Line Cook Job Profile: Become a Culinary Specialist
As a line cook, you'll work under a sous chef and specialize in a culinary component such as sauces, fish, roasting, grilling, frying, butchering, vegetables and side dishes, salads and appetizers, or pastry. Your job will be to prepare your specialty and arrange it attractively on the plate before it's served.
Line Cooks: A Day in the Life
Line cooks are on their feet at all times and work long hours, which may include weekends and holidays. Service periods, when large seatings of diners are ordering food, are especially hectic. However, a positive aspect of working as a line cook is that you become the resident expert on your specialty. A good restaurant kitchen is like an efficient machine with no superfluous parts. Effective, efficient, knowledgeable line cooks are critical to the kitchen's operation. Line cooks are members of a tightly knit team and also experts in their specialty.
Most restaurants don't require line cooks to attend culinary school. Many cooks start out in entry-level jobs as waiters or dish washers and then gradually advance to line cook. Much of your training will take place on the job, and you may move from specialty to specialty. For instance, once you master fish preparation, you may learn the various ways to prepare beef or sauces.
Line Cook Culinary Training Requirements
Working as a line cook is a great step toward becoming a sous chef or executive chef. If your career dream is to advance to those jobs, you may want to consider culinary school. In a short training program lasting just a few months, you can learn about nutrition, food sanitation, and entry-level food preparation methods.
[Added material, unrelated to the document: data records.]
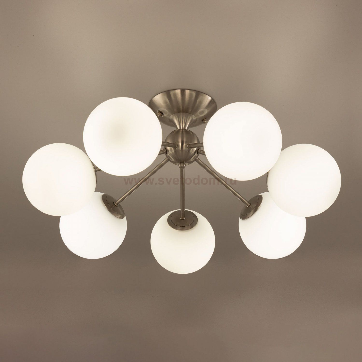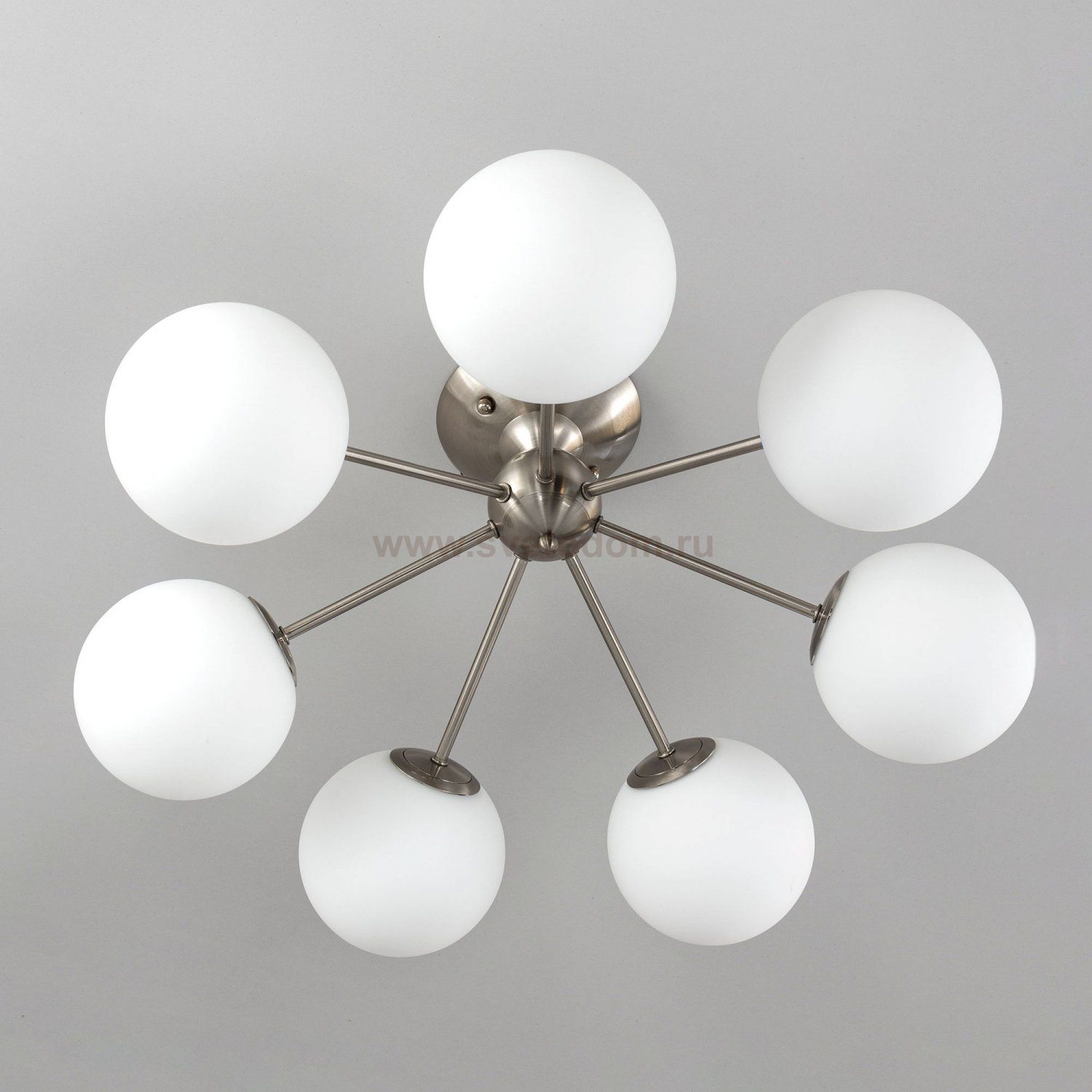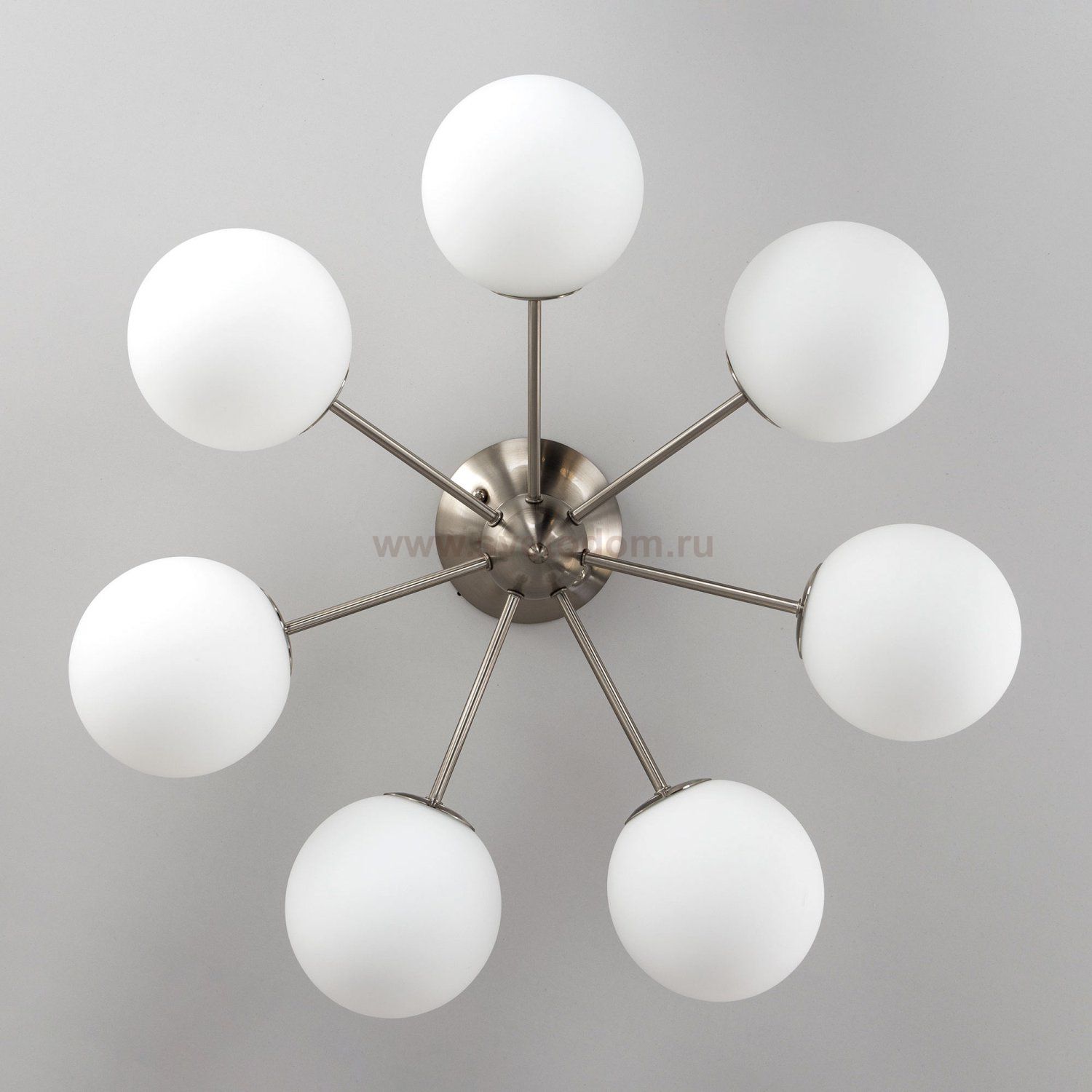 Потолочная люстра Citilux Томми CL102174 для интерьеров, оформленных в современном стиле. Корпус металлический, цвет матовый хром. Плафоны стеклянные, в форме шара, цвет белый матовый. В изделии 7 ламп с цоколем Е14, максимальной мощностью для ламп накаливания 40Вт. Светодиодные лампы можно использовать более яркие. Площадь освещения около 17м². Модель подходит для всех типов потолков, в том числе натяжных. Тип крепления-планка.
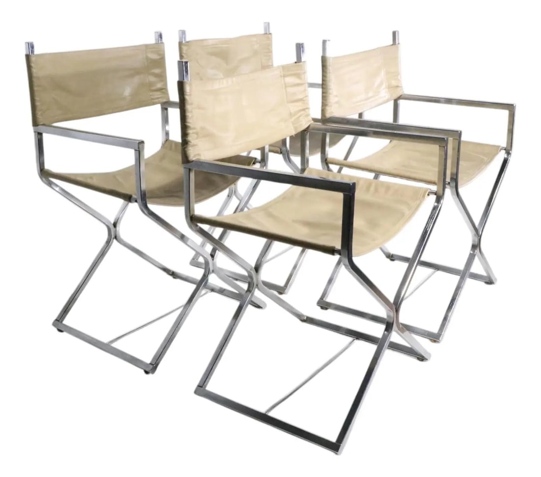 Vintage Set of Four Chrome and Vinyl Directors Chairs 1970s
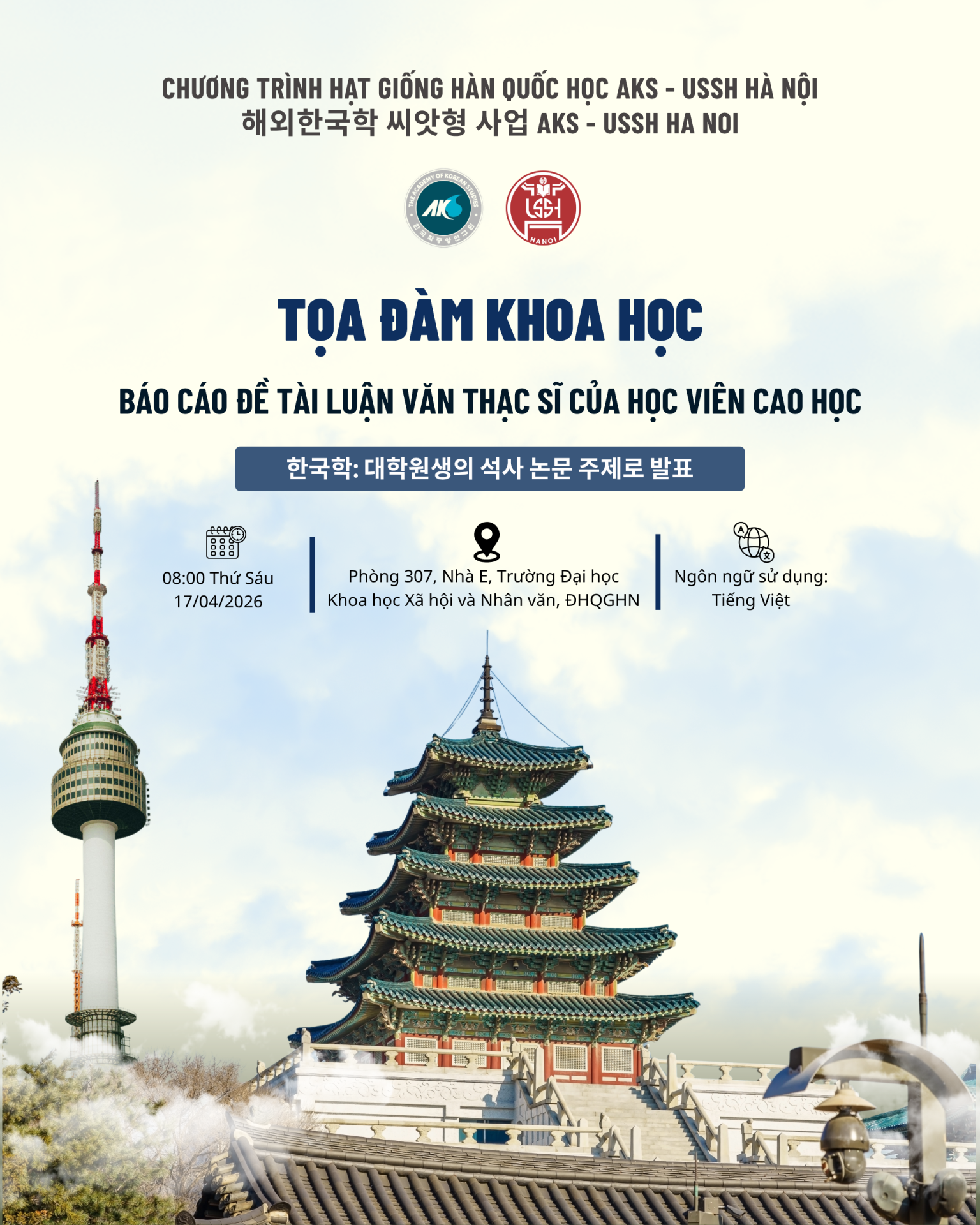 Chương trình sẽ được bắt đầu từ 8 giờ sáng thứ sáu, ngày 17/04/2026 tại Phòng 307, Tòa nhà E, Trường Đại học Khoa học Xã hội và Nhân văn (USSH, Hà Nội) với sự tham dự của đông đảo các chuyên gia Hàn Quốc học, khách mời cùng các học viên cao học đang theo học tại Trường Đại học Khoa học Xã hội và Nhân văn và các trường đại học khác trên địa bàn Hà Nội.

If you decide to earn a two-year or four-year culinary degree, you'll take additional hands-on training courses in more complex cooking, banquets, catering, unique and popular foods around the world, purchasing, and accounting. Most two-year and four-year programs will require you to do an internship and will also help you find one.
Salary Information for Line Cooks
Your salary will depend on many factors, including the location and type of restaurant and your level of training and expertise. According to the U.S. Department of Labor's Bureau of Labor Statistics, in May 2007 the median salary of restaurant cooks was $21,960. The lowest 10 percent earned $15,120, and the highest 10 percent earned more than $30,000.